ClusterAnalysis is a tool for finding neighbouring molecules within a specified radial distance. Molecules are defined to be in the same cluster if any atoms in a given molecule are within a user specified cutoff radius from atoms in another molecule. Additionally, users can also use ClusterAnalysis to find which solute atoms are within a radial distance from atoms in water molecules by including the hydrogen_bonding
flag. Please note however, the inclusion of water molecules in distance calculations will be slower to run.
AMBER topology and trajectory files are read in using MDAnalysis and information pertaining to Cartesian coordinates, atom types, atom indices, residue types and residue indices are used to analyse molecules with ClusterAnalysis.
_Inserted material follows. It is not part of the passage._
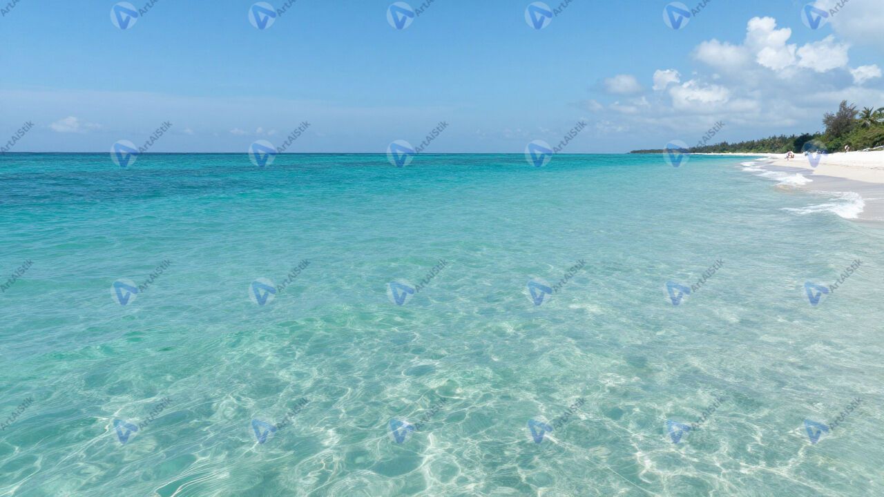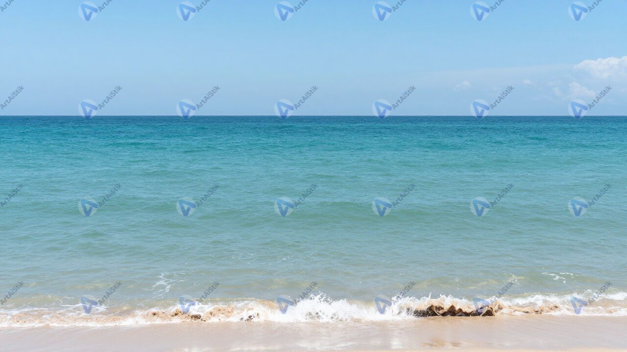 Море летом, бирюзовая вода, пляж без людей.

For each simulation frame, nearest atomic neighbour distances within a given cutoff radius are determined for each atom by applying brute force distance calculations to find relative distances via MDAnalysis, specifically using the method MDAnalysis.lib.distances.capped_distance
. For atoms at periodic boundaries, the minimum image convention is applied when computing distances (checks to see if the distance between two atoms is greater than half the length of the box).
For all neighbouring atoms within the cutoff radius of an initial atom, if a neighbouring atom belongs to another molecule in the system (it will have a different residue index), then that other molecule is considered to be in the same cluster as the molecule of the initial atom and the molecules are assigned to the same cluster. This process is repeated for solute molecules that haven't yet been assigned a cluster.
Once all simulation frames are processed and each molecule is assigned a cluster in each frame, calculations such as average cluster size, number of clusters and maximum cluster size per frame are outputted to the per-frame-clusters.csv file.
If water is included in neighbour analysis, then the average number of surrounding water molecules within the cutoff radius in each frame for each solute atom type are counted. If there are multiple solute molecules of the same type, then the number of water molecules counted around an atom type are averaged over the total number of that type of solute molecule in the system. For example, the average number of water molecules around the hydroxyl oxygen atom over all ethanol solute molecules in a system is outputted.
An example for running ClusterAnalysis with bash scripting:
EXE="$HOME/bin/ClusterAnalysis/runClusterAnalysis.py"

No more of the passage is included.